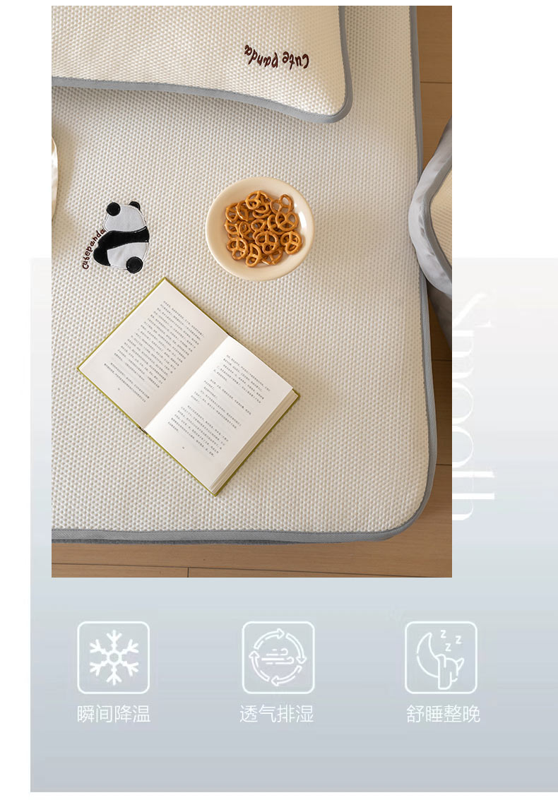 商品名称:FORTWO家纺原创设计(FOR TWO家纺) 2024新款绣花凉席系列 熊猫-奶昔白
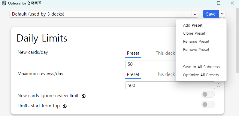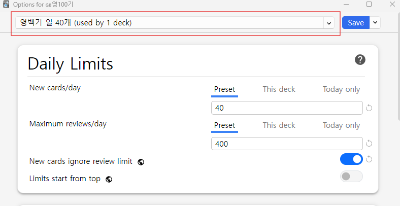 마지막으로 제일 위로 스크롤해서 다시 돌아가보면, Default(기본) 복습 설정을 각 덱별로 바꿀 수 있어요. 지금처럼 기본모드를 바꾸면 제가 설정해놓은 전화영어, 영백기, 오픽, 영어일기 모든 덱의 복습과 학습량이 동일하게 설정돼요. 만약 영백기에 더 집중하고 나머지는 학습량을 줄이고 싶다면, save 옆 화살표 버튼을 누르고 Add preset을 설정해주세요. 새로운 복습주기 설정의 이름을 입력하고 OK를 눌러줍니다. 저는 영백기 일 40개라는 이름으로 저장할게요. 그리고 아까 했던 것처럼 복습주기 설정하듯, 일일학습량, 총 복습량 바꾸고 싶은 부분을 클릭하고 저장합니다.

==

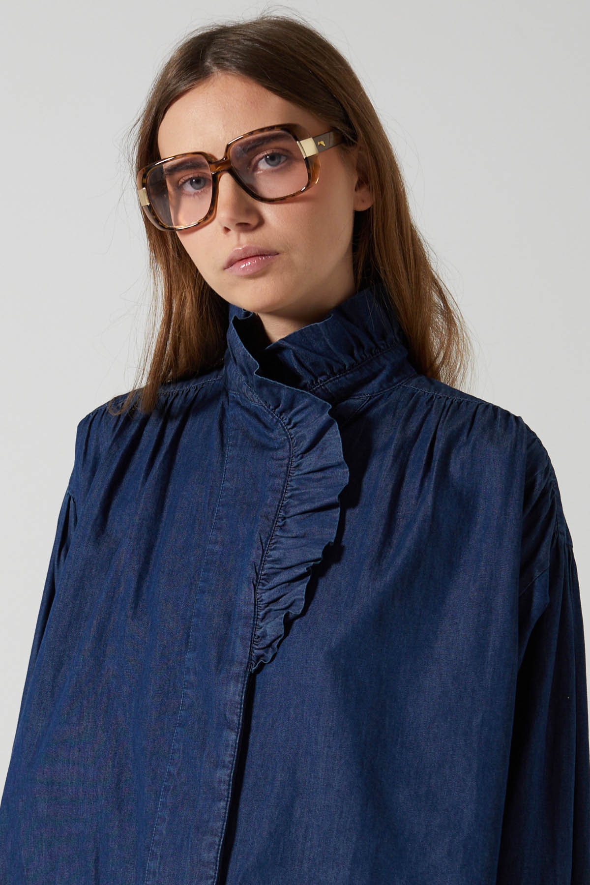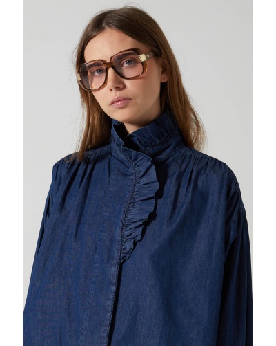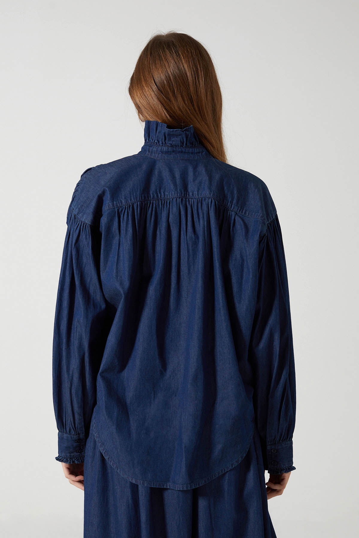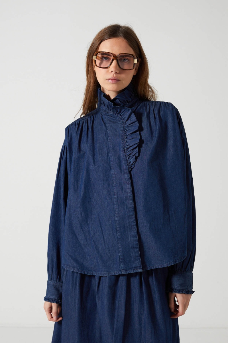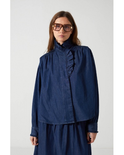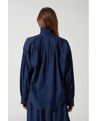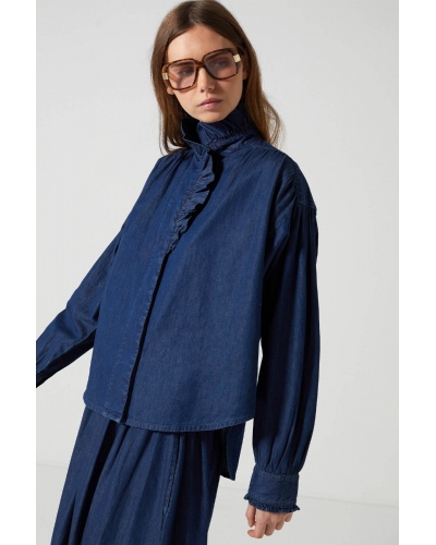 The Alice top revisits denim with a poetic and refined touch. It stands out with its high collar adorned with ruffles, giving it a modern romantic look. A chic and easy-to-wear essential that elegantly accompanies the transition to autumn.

= Instructions to follow =
In the entries above, find the line containing "商品名称:FORTWO家纺原创设计(FOR TWO家纺) 2024新款绣花凉席系列" and the line containing "마지막으로 제일 위로", then copy both and every line between them exactly, without any picture.

= Answer section =
 商品名称:FORTWO家纺原创设计(FOR TWO家纺) 2024新款绣花凉席系列 熊猫-奶昔白
 마지막으로 제일 위로 스크롤해서 다시 돌아가보면, Default(기본) 복습 설정을 각 덱별로 바꿀 수 있어요. 지금처럼 기본모드를 바꾸면 제가 설정해놓은 전화영어, 영백기, 오픽, 영어일기 모든 덱의 복습과 학습량이 동일하게 설정돼요. 만약 영백기에 더 집중하고 나머지는 학습량을 줄이고 싶다면, save 옆 화살표 버튼을 누르고 Add preset을 설정해주세요. 새로운 복습주기 설정의 이름을 입력하고 OK를 눌러줍니다. 저는 영백기 일 40개라는 이름으로 저장할게요. 그리고 아까 했던 것처럼 복습주기 설정하듯, 일일학습량, 총 복습량 바꾸고 싶은 부분을 클릭하고 저장합니다.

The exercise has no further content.